Dazwischen geschoben hatte sich, während der Kriegsgefangenschaft in Marseille, die Begegnung mit dem Jazz, die ihn fortan nicht minder stark prägen sollte. 1951 spielte Huber die Regensburger Erstaufführung von George Gershwins „Rhapsody in Blue“, etwas später tourte er eineinhalb Jahre lang mit einer Jazzcombo durch Skandinavien. So mischte sich in seiner Musik, etwa in den zehn im ConBrio Verlag erschienenen Klavierpreludes, bisweilen eine vom französischen Impressionismus beeinflusste Klangsprache mit Jazzelementen, während er in Improvisationen am Jazzpiano gerne Anspielungen an klassische Komponisten wie Bach oder Reger einstreute.

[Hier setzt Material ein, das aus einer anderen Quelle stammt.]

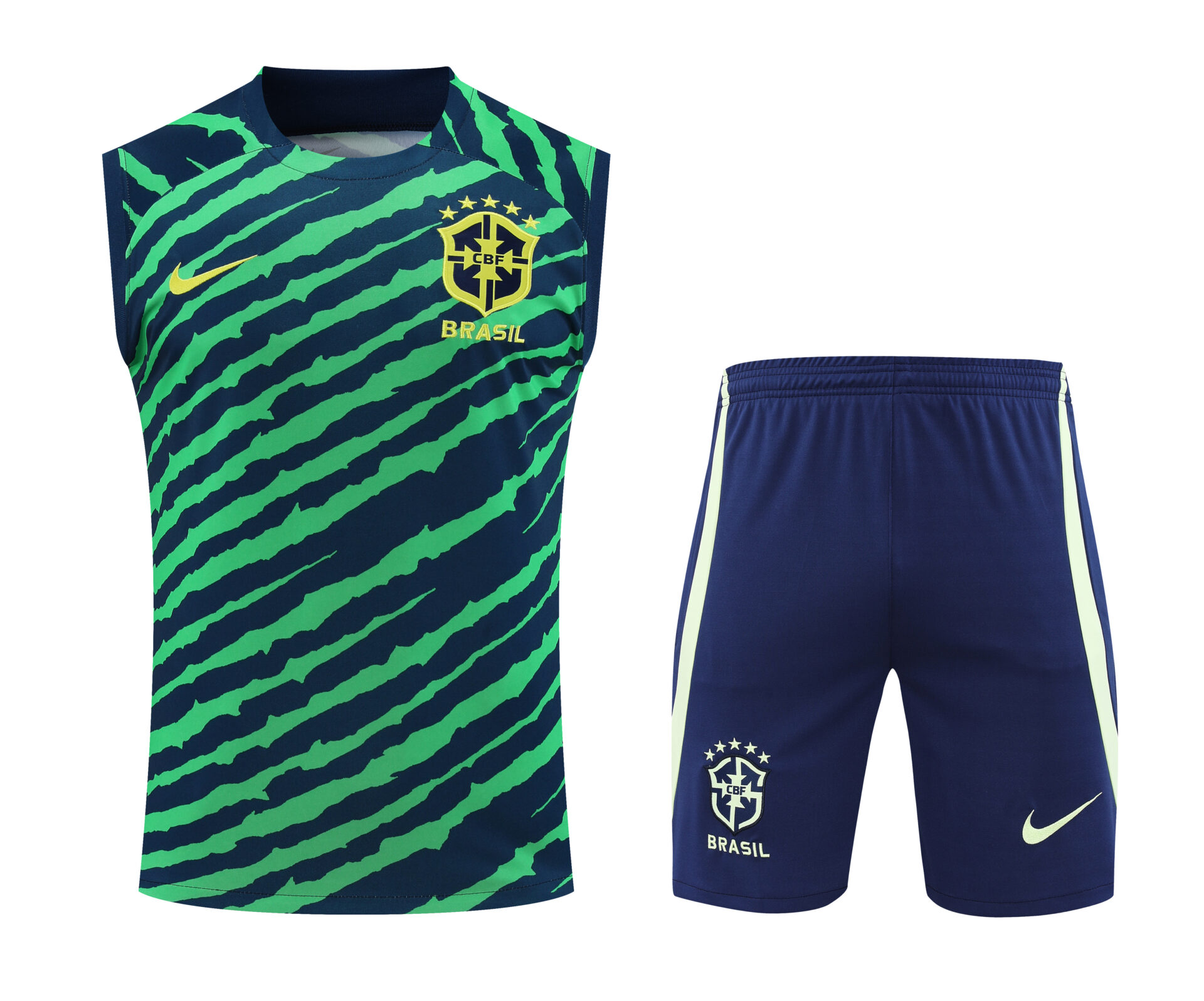 Conjunto tirantes Brasil azul oscuro y verde rayas
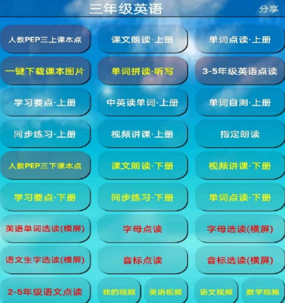 小学三年级英语上册具有专业的点读功能,其中包含课文点读、翻译单词、朗读等等,课文单词在线自测,另外还有字母、音标、点读、连读等等。各种内容和课本完全同步,学习要点难点全部包含。其中覆盖较为齐全的教材和版本,无论哪个版本都非常适用。

Als vielseitiger Komponist und Arrangeur schrieb er Anfang der 1990er Jahre dem damals neu gegründeten Vokalensemble Singer Pur mehrstimmige Versionen von Jazzstandards auf den Leib, die dieses bis heute im Repertoire hat, und lüftete vor acht Jahren gegenüber der Mittelbayerischen Zeitung ein süßes Geheimnis: Die Melodie zur putzigen Kondensmilch-Werbung stammte von ihm – „Nichts geht über Bärenmarke…“

In der Begegnung mit Hans Huber schien immer wieder durch, dass er seine tiefe Liebe zur Musik, etwa von Palestrina oder Wagner, einer schwierigen Lebensgeschichte abtrotzen musste. Obwohl er als uneheliches Kind eines jüdischen Vaters (was er damals noch nicht wusste) beim Auftritt der Domspatzen auf dem Obersalzberg Adolf Hitler vorsingen musste und obwohl er den Missbrauch an Mitschülern und Freunden mitbekam, hat er den Knabenchorgesang von damals immer als den schönsten Klang seines Lebens im Herzen bewahrt und den Musiker Theobald Schrems, seinen damaligen Chorleiter, trotz allem uneingeschränkt bewundert.

„Ich werde fortgehen im Herbst“ – bei der Trauerfeier erklang eines der Lieder nach Gedichten Mascha Kalékos, die Hans Huber im Rahmen eines wunderbaren Zyklus vertont hat. Am Ende des vergangenen Herbstes, am 22. November, ist nun Hans Huber im Alter von 96 Jahren fortgegangen. Die Erinnerung an ihn und seine unerschütterliche Musikalität bleibt.